女子と女の境目

 ひっさしぶりにやって来た6年女子。歯科矯正器具を付けた口を尖らせ、「ちょー、きぃてぇーやー」とぶつぶつ言い出した。唇の荒れが気になる。
そこから愚痴、愚痴、愚痴。誰のかというと、先生の…だ。で思いっきり先生を敬称略で呼び捨てにする。舌を巻く。こんな子じゃなかったのに…大分お怒りの様子だ。
 内容は大して怒るようなことでもなかった。彼女自身、己の非も認めていた。しかし素直に謝るのも納得いかないらしい。先生の態度、物言いに、怒り狂っていた。

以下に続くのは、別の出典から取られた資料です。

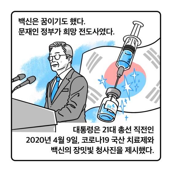백신은 꿈이기도 했다. 문재인 정부가 희망 전도사였다. 대통령은 21대 총선 직전인 2020년 4월 9일, 코로나19 국산 치료제와 백신의 장밋빛 청사진을 제시했다. 청와대는 “코로나19 치료제 및 백신 개발이 조기에 성공할 수 있도록 집중 지원하기 위한 범정부지원단을 구성해 이번 주부터 본격 가동한다”고 발표했다. 코로나19 백신 개발 등에 2100억원을 투자하고, 치료제 개발을 위한 연구개발(R&D) 투자를 추가경정예산에 반영한다고 밝혔다. 국산 치료제와 백신이 곧 개발돼 세계 각국이 한국산 백신을 구매하겠다고 줄을 서고 다양한 인종의 확진자가 한국산 치료제 덕분에 목숨을 건지는 상상을 유포했다.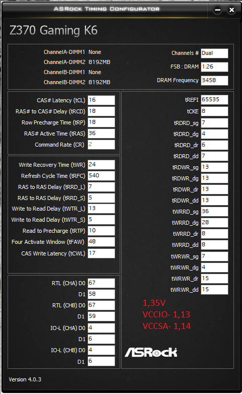 Так у тебя микроновские или хуниксовые А-die стоят, они максимум на 3000 гонятся при конских таймингах, хотя в интернете есть те кто ее на К6, Таичи и i7 запускали на 3100 при напругах близких к 1,5 и CL от 20 что не есть гуд, у меня же B-die, правда есть подозрение что не отборные , ибо пока выше 4000 не получалось завестись даже с напругой в 1,5В (видимо руки как у Себульбы с Звездных воинов растут ) P.S. Мои же стандартные тайминги сейчас такие, знатоки скажут что все криво (особо не заморачивался настройкой, времени мало):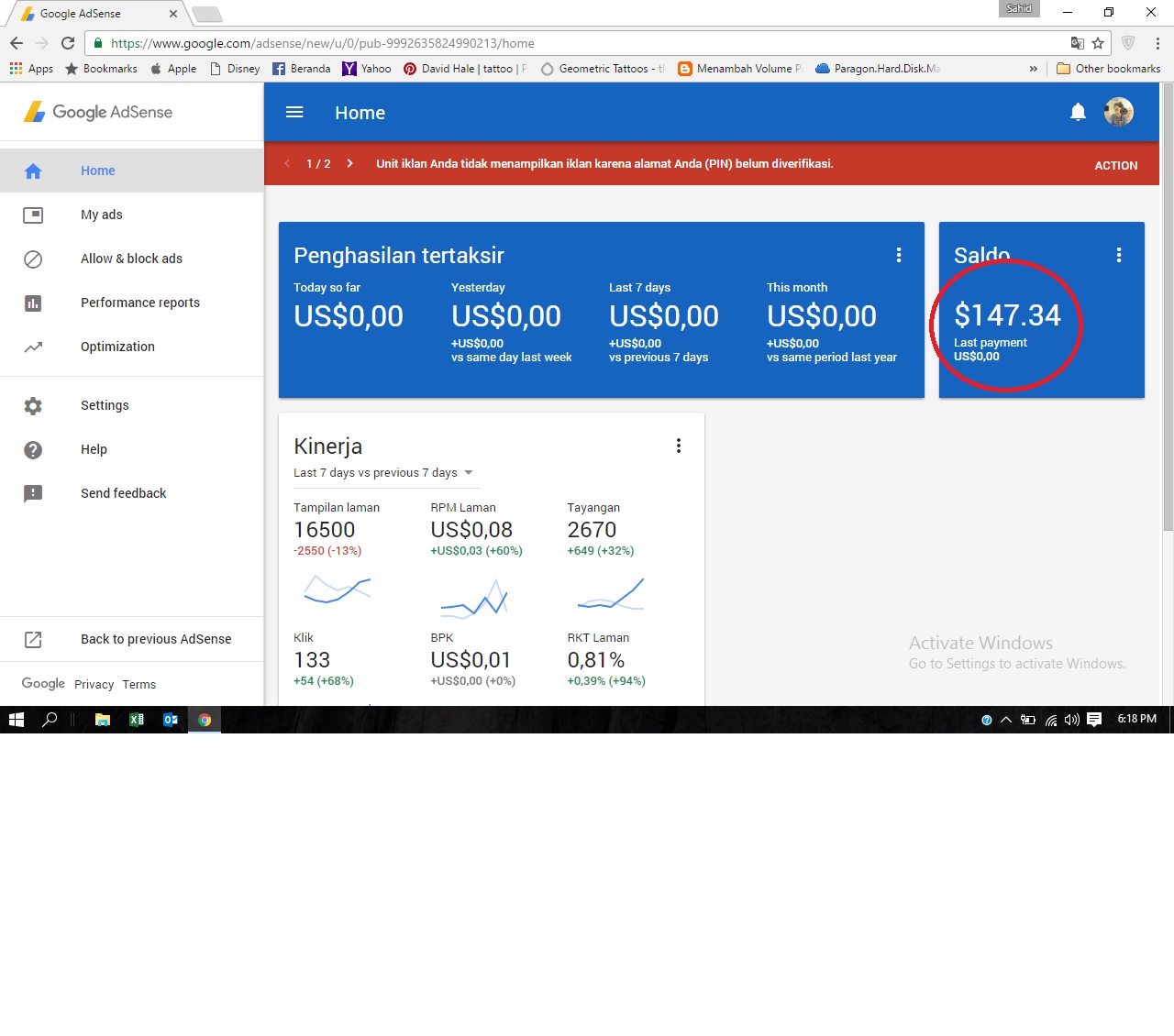 Nah untuk waktu waktu sekarang ini memang untuk pendaftaran google adsense di perketat, ga seperti dulu pas saya daftar 2 hari udah bisa, tp saya lupa dan ga ngeh kalo saya punya google adsense, sampai kemarin saya baca blognya kang iwanbaran bahas kek gituan iseng iseng buka, ternyata ada duitnya 147 dollar dan kondisi nunggu pin karna saya baru pindah alamat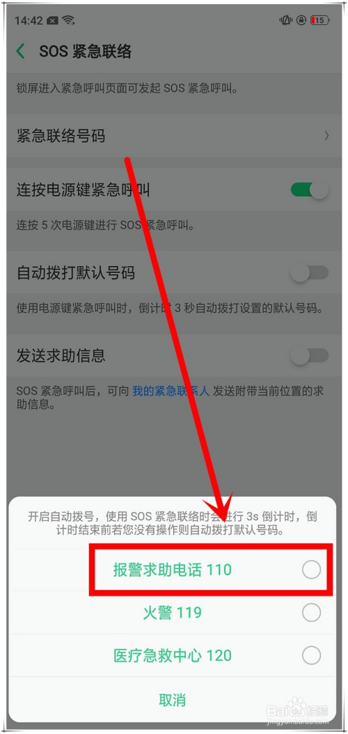 在SOS告急联络中开启告急联络功能后,默承认选报警号码号码为110、119和120。保举选择110。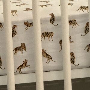 Charming crib sheet with playful tiger design. Adds a fun touch to any nursery.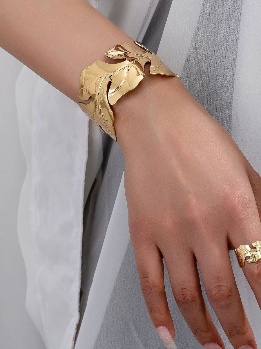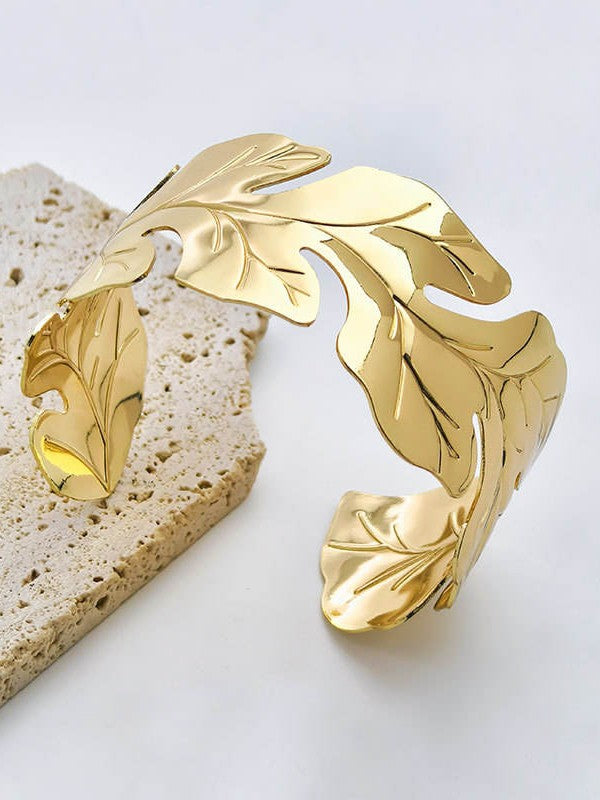 The Regal Leaf Cuff Bracelet is a bold and elegant statement piece inspired by nature. Designed with beautifully carved leaf patterns, this cuff adds a touch of royalty and charm to your look. Its open cuff style makes it comfortable to wear and perfect for dressing up any outfit with a classy golden shine. Adjustable in size.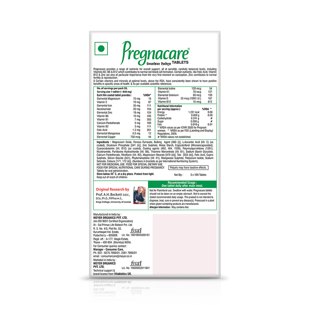 More than just a folic acid supplement, Pregnacare provides a complete nutrition before conception & throughout the pregnancy. It is scientifically formulated combination of essential nutrients which plays an important role during the full nine months and contributes to normal development of foetus & prevents risk of pregnancy complications.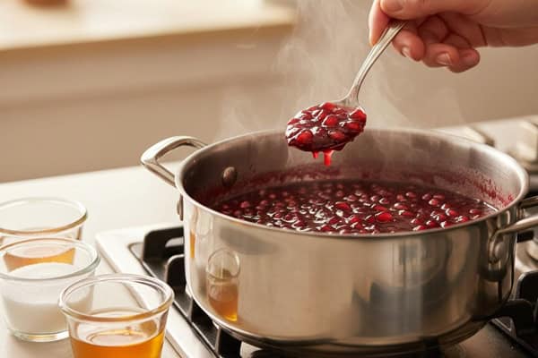 مرحله دوم: دانههای انار را با آبمیوه بجوشانید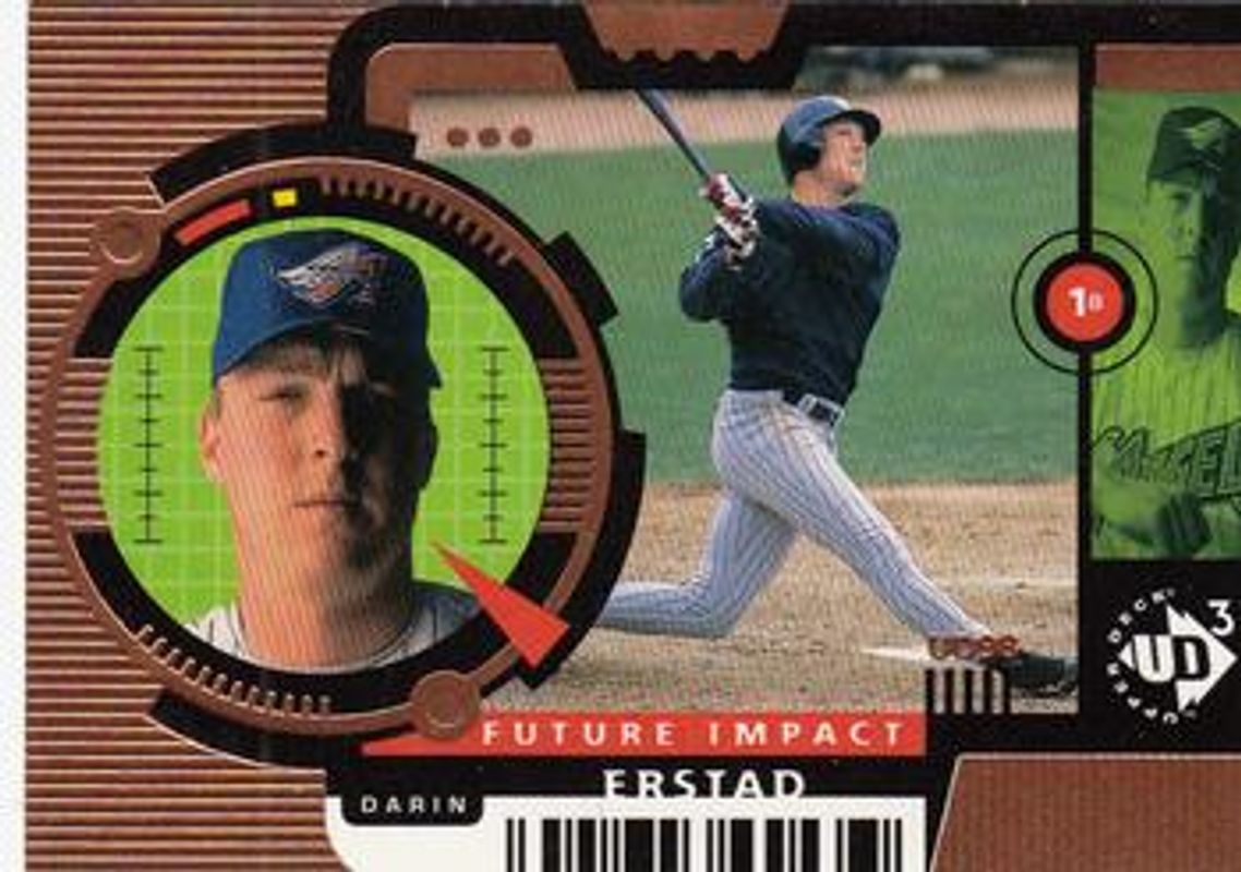 The Darin Erstad 1998 Upper Deck UD3 #98 Base card is 1 of 6 Darin Erstad's card variations in the 1998 Upper Deck UD3 set being tracked by Sports Card Investor, including #188 Base, #8 Base, #188 Die-Cut /100, #8 Die-Cut /100, and #98 Die-Cut /100.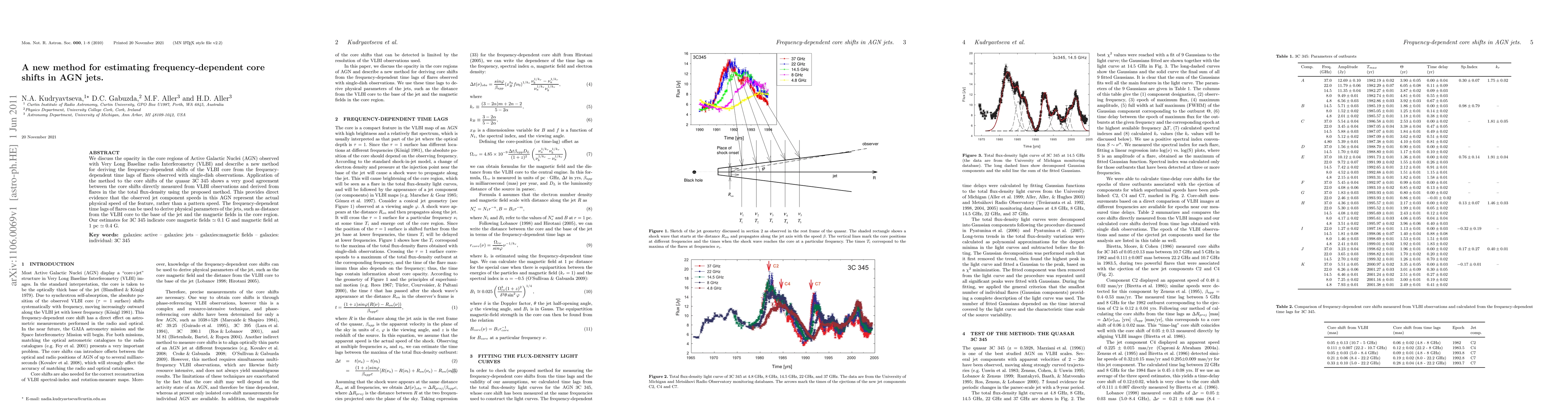This paper introduces a novel method to estimate frequency-dependent core shifts in active galactic nucleus jets using frequency-dependent time lags of flares observed via single-dish and VLBI. The method was successfully applied to quasar 3C 345, yielding core magnetic field estimates of ~0.1 G and ~0.4 G at 1 pc.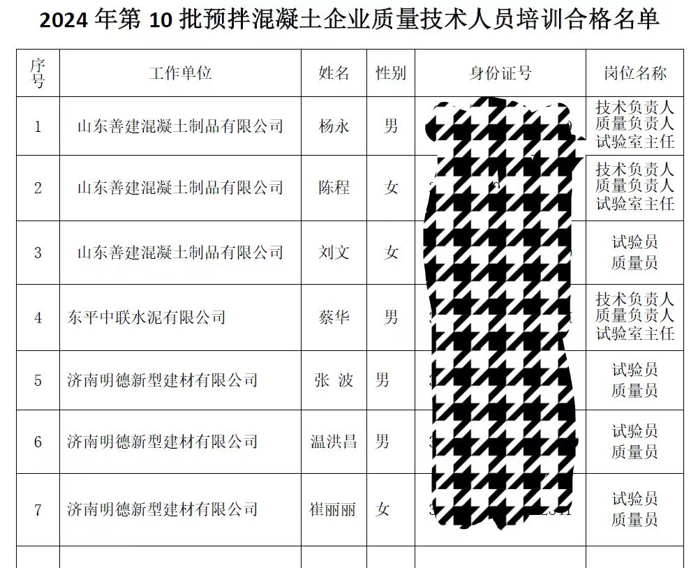 2024年第10批預(yù)拌混凝土企業(yè)質(zhì)量技術(shù)人員培訓(xùn)合格名單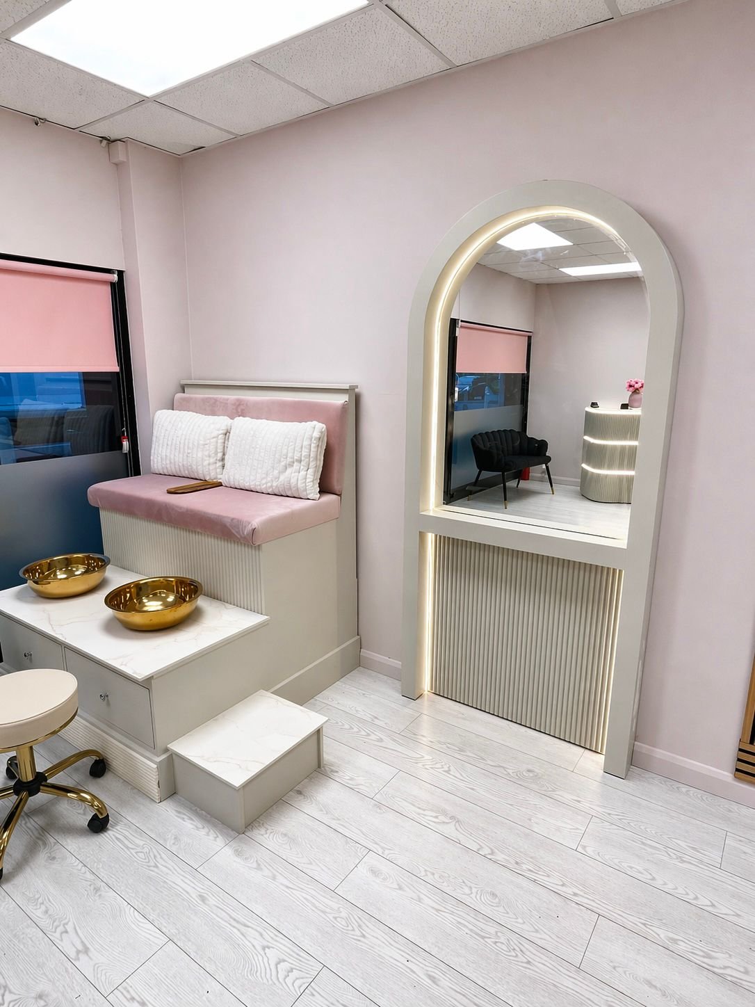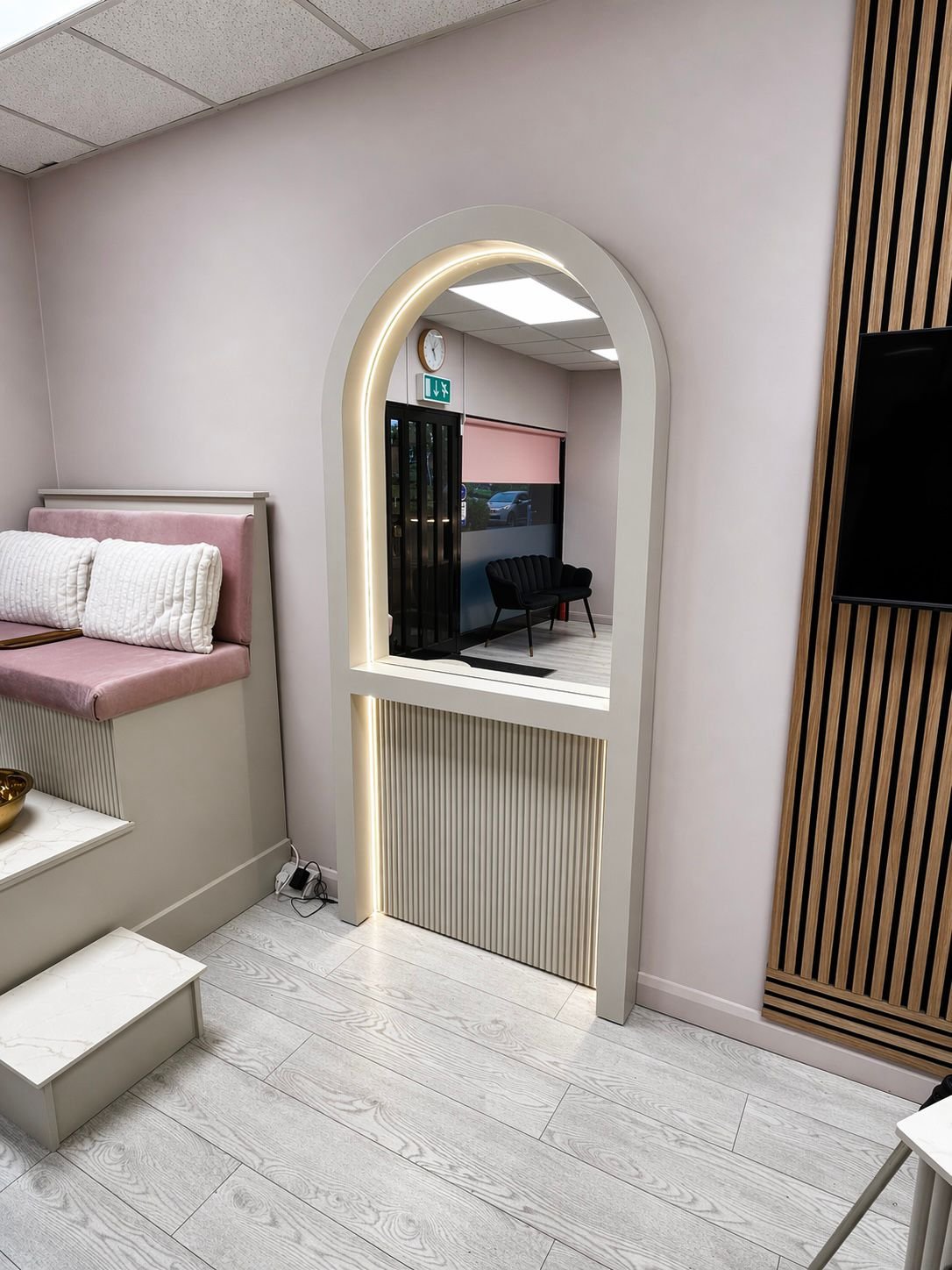 The integrated LED backlighting creates a stunning halo effect, providing professional-grade ambient lighting that enhances every reflection. With a slim 10cm profile, this Curved mirror with reeded base sits neatly against your wall, offering a high-end, bespoke feel. Elevate your brand’s aesthetic and give your clients a premium experience with this unique feature piece.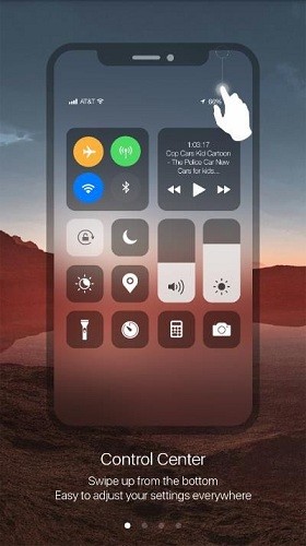2. 控制中心:完美复刻iPhoneX的控制中心,包括音量调节、屏幕亮度调节、网络连接、飞行模式等快捷开关。

 あまりにも呼び捨てと巻き舌が怖いので、直接そう言った。
「謝った方が勝ちやで」
 軽くいなすが、「絶対謝らん!」と断固拒否。
 隣で話を聞いていた、普段は大人しく、真面目な女子が、思いがけず便乗して来る。既に転勤して、今はいない去年の担任のことを、静かに愚痴り出したのだ。
「あれは最早、先生じゃない」
 冷静且つ、大分きっつい一言。
 話によれば、自分の感情で児童に八つ当たりしたらしい。そんな風に見えたことはなかったので、意外だった。
小学生も高学年になると、シビアに目を光らせている。今回口に上ったのはいずれも若い女の先生だった。彼女たちにとったら、既に同等の感覚なのだろう。
 自らの小学生時代を思い返す。私は6年間で一人も、尊敬できる先生に出会えなかった。しかし、陰口であれ、先生を呼び捨てにする力はなかったな…。嫌い過ぎて、その背中を思いっきり睨みつけるようなことはあったかも知れないが、力のある大人に対する、貧弱な抵抗でしかなかった。
 彼女は一頻り捲し立てた後、それでも物足りなかったように、ぶつぶつ言い続けながら去って行った。すっきりしたのか否か…。多分していないだろう。
 取り敢えず、愚痴れる大人に選ばれたことにだけは、有り難いと受け止めておこう。そもそも〝大人〟だと認識してくれているかも怪しいが…。